By the time we go to press it will be interesting to see what happened in terms of reporting from Kirrily. There has already been a lot of speculation about whether it will form a cyclone or just be a bad weather system.

So, an interesting fact. A cyclone doesn’t just form, it becomes a low-pressure system which rotates clockwise and when it reaches the magic number of around 960 millibars it is then recategorised into a cyclone – thanks Wikipedia.

But I digress. Back to home. Those of us who have lived around the district before 2019 know the weather of the Central Highlands can deliver a beautiful, long summer worthy of having a pool installed, and used for at least a few months – unless you have something really heated or room for one inside. I do know of one house in Glenlyon with an indoor pool.
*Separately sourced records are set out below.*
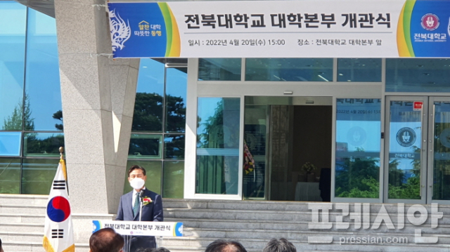 전북대학교 대학본부가 1년 8개월 여의 증축 리모델링 공사를 마치고 20일 대학본부 앞에서 개관식을 가졌다.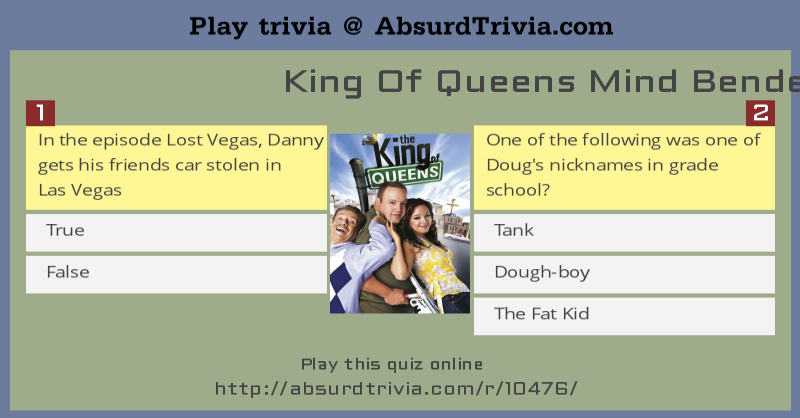 King Of Queens Trivia Questions And Answers / Alexander the great, isn't called great for no reason, as many know, he accomplished a lot in his short lifetime.. It covers over 70% of the planet, with marine plants supplying up to 80% of our oxygen,. Perhaps it was the unique r. Zoe samuel 6 min quiz sewing is one of those skills that is deemed to be very. If you fail, then bless your heart. Here's a rare nostalgia car for ho.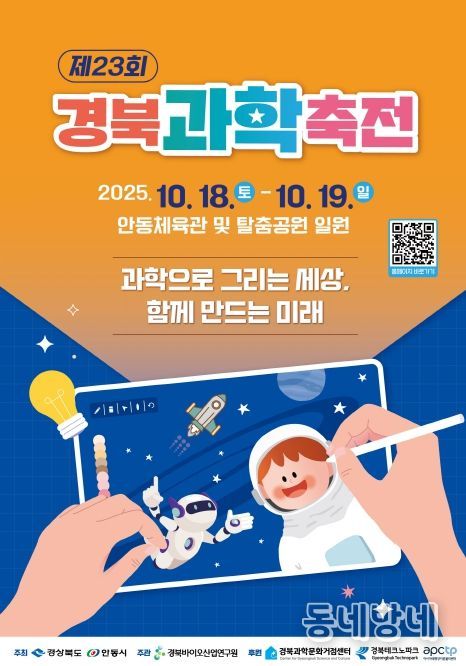 동네방네 김형규 기자 | 경상북도는 다양한 과학문화를 체험하고 즐길 수 있는 ‘제23회 경북과학축전’을 18일부터 19일까지 이틀간 안동체육관 및 탈춤공원 일원에서 개최한다.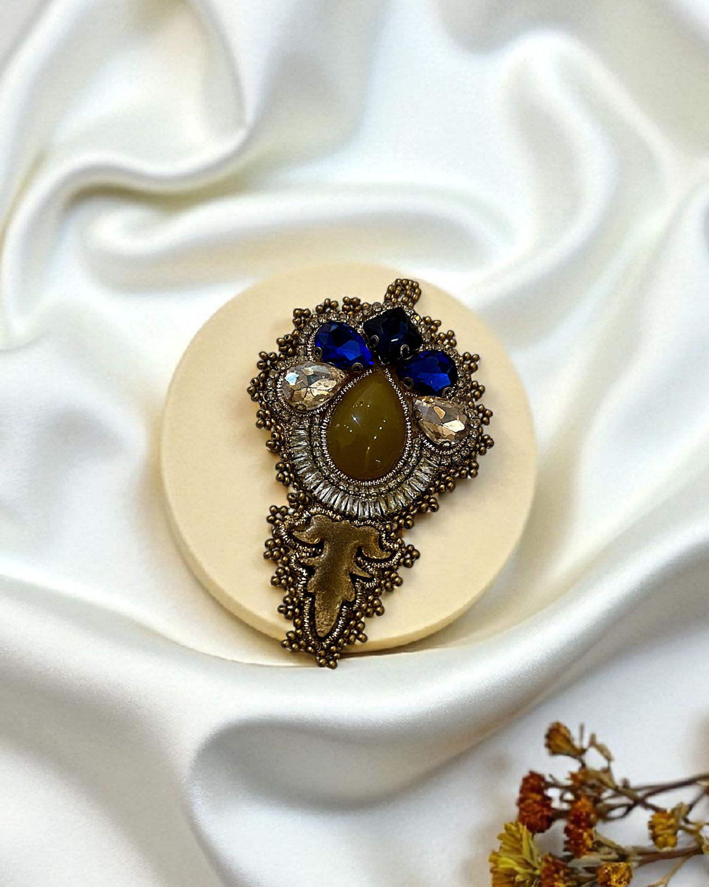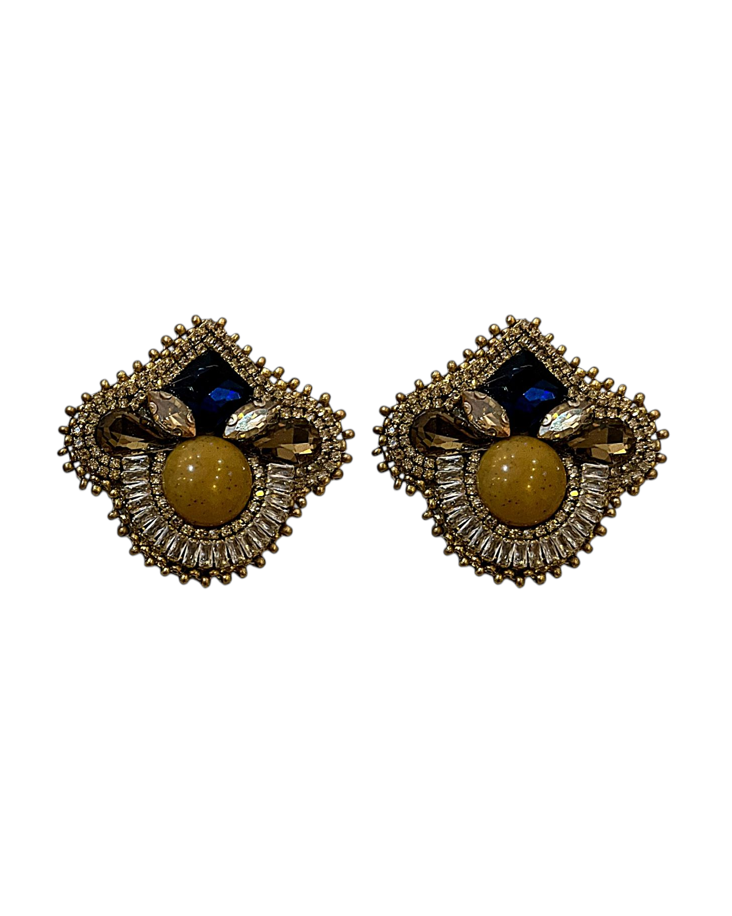 Step into a world where craftsmanship meets poetry. These Golden Cube Earrings are a celebration of intricate jewelry embroidery, blending tradition with modern artistry. Each piece is meticulously handcrafted, featuring a central resin stone that glows with warmth, surrounded by a constellation of crystals that catch the light with every movement. The symmetrical design evokes harmony, while the marquise accents and deep blue gem add a regal touch. Perfect for festive occasions or statement styling, these earrings are more than accessories—they’re wearable stories. Made for those who cherish detail and emotional resonance, the earrings reflect the soul of slow fashion and symbolic design. The golden cube structure offers a sense of grounded elegance, while the handcrafted elements ensure no two pieces are ever truly alike. Whether paired with minimalist attire or layered with other artistic pieces, these earrings elevate your look with intention and grace. Ideal for collectors, creatives, and anyone drawn to jewelry that speaks in whispers of light and legacy.

Not sharing names though.

But since December 2019 the summers here have been diabolical with “bite through you” south-easterlies being a common thing where the southern side of the Ranges stop and give way to the historically dryer northern side, as in Lyonville to Glenlyon.

Traditionally the weather is like chalk and cheese, especially during south- easterlies even though as the crow flies it’s only around 10 kilometres, but these days we seem to get more water-laden winds from that direction. And, of course, there is no truth to climate change, said tongue firmly in cheek.

So, as we say hello to the last month of the summer I say what a bloody scam. I bought a few new pairs of shorts in readiness and some banger uber-cool shirts from the Mill Markets and have only had a couple of times to trot them out.